**TASK DETAILS**
Within the entries below, output exactly the lines between the line containing "Folk style embroidery" and the line containing "모드 설정합니다. |", inclusive, and omit any picture.

**RECORDS SUPPLIED**

"""

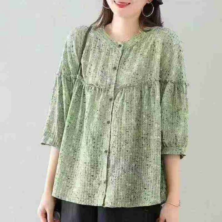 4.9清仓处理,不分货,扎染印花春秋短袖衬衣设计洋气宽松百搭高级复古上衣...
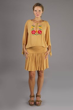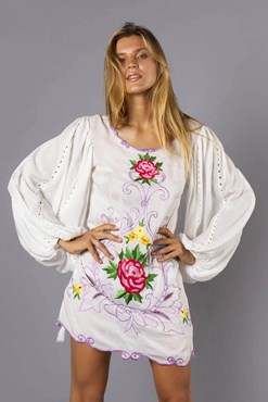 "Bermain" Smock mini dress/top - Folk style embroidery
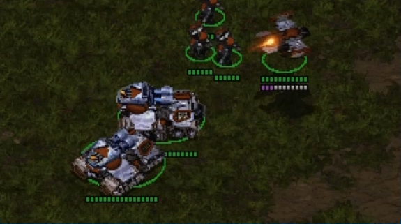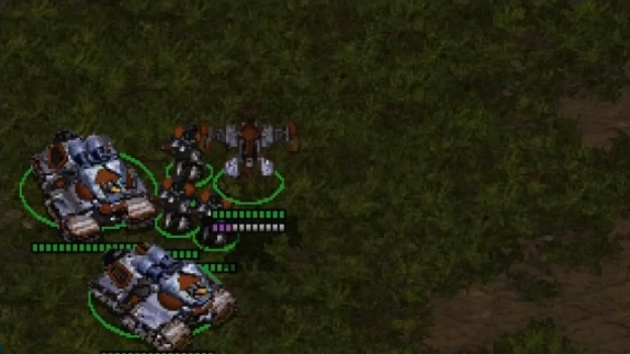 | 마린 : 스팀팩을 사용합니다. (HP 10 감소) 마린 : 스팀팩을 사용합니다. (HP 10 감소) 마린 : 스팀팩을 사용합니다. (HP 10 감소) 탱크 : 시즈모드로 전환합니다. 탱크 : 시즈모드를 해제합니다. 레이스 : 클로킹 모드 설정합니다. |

"""
"""

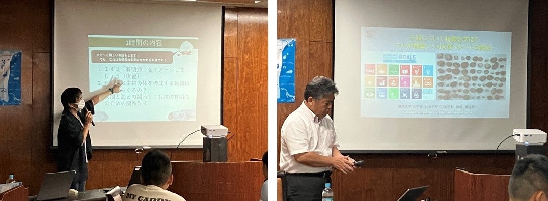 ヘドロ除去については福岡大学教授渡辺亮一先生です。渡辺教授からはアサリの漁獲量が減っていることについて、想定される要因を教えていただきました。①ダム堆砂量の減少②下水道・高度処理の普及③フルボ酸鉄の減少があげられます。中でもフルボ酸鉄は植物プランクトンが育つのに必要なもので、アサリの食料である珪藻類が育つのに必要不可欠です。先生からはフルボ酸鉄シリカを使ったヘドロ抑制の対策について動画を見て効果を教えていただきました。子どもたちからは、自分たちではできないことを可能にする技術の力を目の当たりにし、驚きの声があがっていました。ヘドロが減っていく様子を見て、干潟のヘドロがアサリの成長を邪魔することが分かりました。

"""
"""

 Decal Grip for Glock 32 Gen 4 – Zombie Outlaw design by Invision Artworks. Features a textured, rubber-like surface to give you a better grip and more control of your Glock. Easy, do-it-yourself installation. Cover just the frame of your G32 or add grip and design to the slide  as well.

"""

**OUTPUT**
 "Bermain" Smock mini dress/top - Folk style embroidery
 | 마린 : 스팀팩을 사용합니다. (HP 10 감소) 마린 : 스팀팩을 사용합니다. (HP 10 감소) 마린 : 스팀팩을 사용합니다. (HP 10 감소) 탱크 : 시즈모드로 전환합니다. 탱크 : 시즈모드를 해제합니다. 레이스 : 클로킹 모드 설정합니다. |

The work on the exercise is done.